First the good news. We were given commemorative wine glasses, along with tickets for three cigars. Upon entering the event, I was very pleased to find that they were also serving up some fine craft beers by Stone Brewing Co. and Figueroa Mountain Brewing Co. The beer and wine were very good, as was the live music by a group called The JD Project. Dinner was just okay, consisting of tri-tip, salad, beans and bread. It all came together for a pleasant evening of wine, beer, cigars and music, supporting the Project Manana charity.

Now for the bad news. As mentioned, this was a two day event, and you could buy tickets for just Friday or Saturday, or a combo ticket for both days. However, we Friday-only attendees were treated like second class citizens. They were selling raffle tickets, but the big prizes would not be awarded until the following day and you had to be present to win. That’s fine, I don’t have to participate in the raffle, but the detail that really torqued me was the table selling cigars. Get this. They had five-pack bags of some good cigars for sale for $25, but if you bought them, you could not actually take possession of them until the end of the event on the following day, due to some local ordinance that prohibited selling tobacco products on the premises during an event. So, again, Friday attendees were left out.

I still enjoyed the evening, and I won’t go so far as to say you should not attend, but note to organizers: Don’t offer a Friday event day if it is going to be so limited. I can’t see myself attending again, but if I did I would only attend on Saturday.

And then there were the cigars . . .

Cigar Review Camacho MaduroCamacho Maduro

The price of admission ($50) included dinner, three cigars and unlimited tastings of beer and wine. (I don’t know if it was actually intended to be unlimited tastings, but no one cut us off.) The first cigar, a Camacho Maduro, looked promising. Nice construction with a dark maduro wrapper.  Indeed, the description of the cigar sounded extremely promising, since it is an all maduro cigar. Unfortunately, the draw was so loose it was like smoking a toilet paper roll, and as is usually the case with a loose roll, the smoke was very hot. Even if I could have gotten past the draw, the taste was nonexistent. Admittedly, I did not smoke the cigar to the nub, and it could be that it would have undergone some mystical transformation in the final third that would have changed my mind, but after about ten minutes with this stick I had to toss it. Life is just too short. A really bad cigar.
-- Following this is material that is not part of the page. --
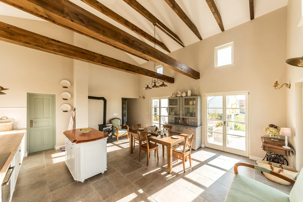 A belső kialakítás középpontjában egy nagy belmagasságú, gerendás konyha-étkező áll, amely természetes kőfelületekkel és karakteres konyhaszigettel adja meg a ház hangulatát. Innen nyílik a külön nappali, amely lehetőséget teremt arra, hogy a közös együttlétek és a nyugodt visszavonulás is jól elkülönülhessen.

Cigar Review La PalinaLa Palina Classic

The second cigar was a La Palina Classic. I wanted to like this cigar, because it was new to me and I always look for hidden gems, and because the representative was very passionate about it, discussing the rarity of the tobacco and the Brazilian wrapper. While better than the Camacho Maduro because the draw was acceptable, we are talking gradations of bad in terms of the flavor. Perhaps the taste provided by a Brazilian wrapper is an acquired taste, but I could find nothing to recommend the La Palina Classic

Room 101

Room 101 is made by Camacho, and comes in different blends. I missed the name of the cigar, so I can’t be precise with what I was smoking, other than the band said “Room 101″. That’s unfortunate, because this was an enjoyable cigar. Construction and burn were perfect, and unlike the prior cigars, this one had some complexity, with tastes of leather and spice. Thankfully, the “Roll” part of the Crush and Roll festival ended up on a high note.